Return all of the data verbatim, dropping any picture.
Stored data Block Start
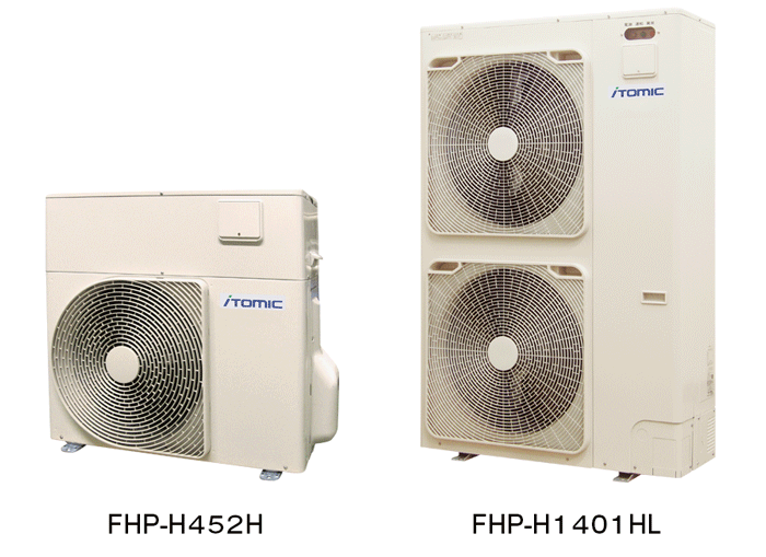 導入いただいたFHPシリーズは、各種の温熱利用に対応する循環加温ヒートポンプです。加熱能力と沸かし上げ温度の違いで3シリーズをラインナップしています。H452HとH1401HLは沸き上げ温度64℃、H1401Sは沸き上げ温度90℃で、各種の温熱利用に適しており、特にハイブリッド方式による配管加温、貯湯タンクの循環加温などの用途には多くの実績があります。
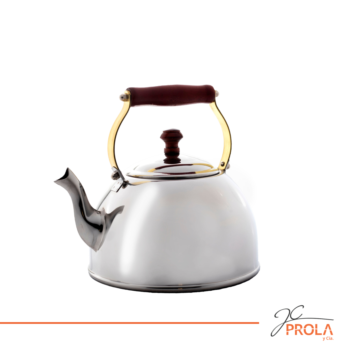 Pava para fogón con pico curvo de 1.7lts con detalles de madera lustrada en mango. Base de 17cm de diámetro. Acero inoxidable.
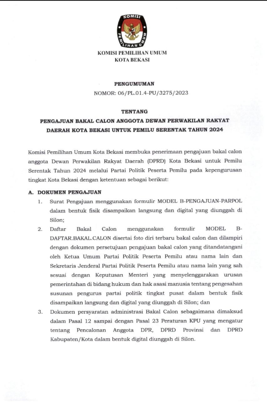 PENGUMUMAN PENGAJUAN BAKAL CALON ANGGOTA DPRD KOTA BEKASI PADA PEMILU TAHUN 2024
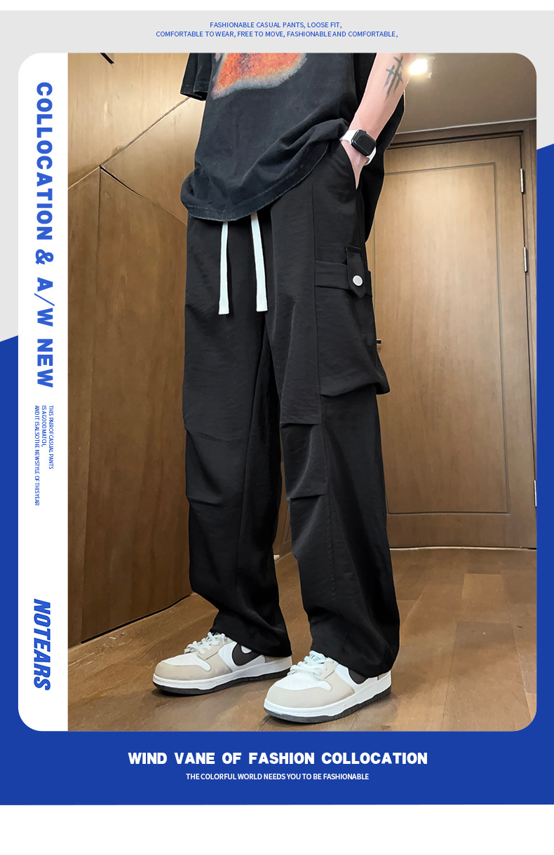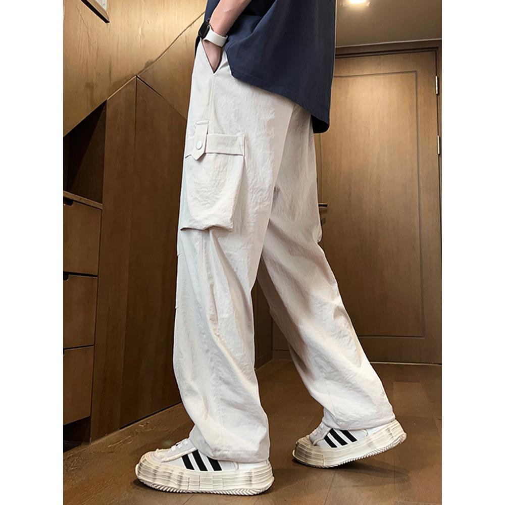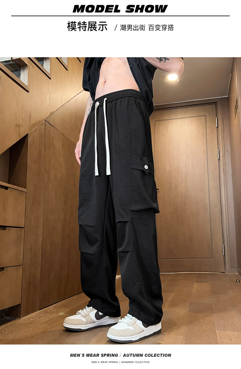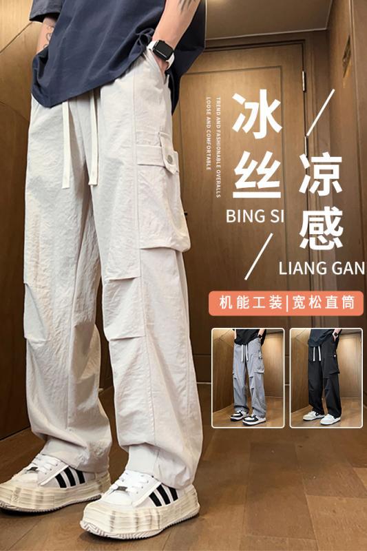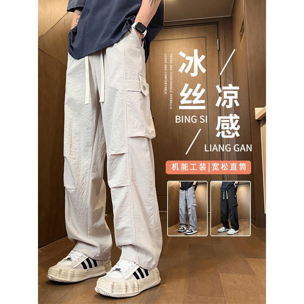 아이스 실크 빠른 건조 바지 남자 2024 여름 느슨한 직선 기능화물 바지 남자의 유행 브랜드 와이드 레그 캐주얼 바지스토어 가기
Stored data Block End
- **Answer area**:
 導入いただいたFHPシリーズは、各種の温熱利用に対応する循環加温ヒートポンプです。加熱能力と沸かし上げ温度の違いで3シリーズをラインナップしています。H452HとH1401HLは沸き上げ温度64℃、H1401Sは沸き上げ温度90℃で、各種の温熱利用に適しており、特にハイブリッド方式による配管加温、貯湯タンクの循環加温などの用途には多くの実績があります。
 Pava para fogón con pico curvo de 1.7lts con detalles de madera lustrada en mango. Base de 17cm de diámetro. Acero inoxidable.
 PENGUMUMAN PENGAJUAN BAKAL CALON ANGGOTA DPRD KOTA BEKASI PADA PEMILU TAHUN 2024
 아이스 실크 빠른 건조 바지 남자 2024 여름 느슨한 직선 기능화물 바지 남자의 유행 브랜드 와이드 레그 캐주얼 바지스토어 가기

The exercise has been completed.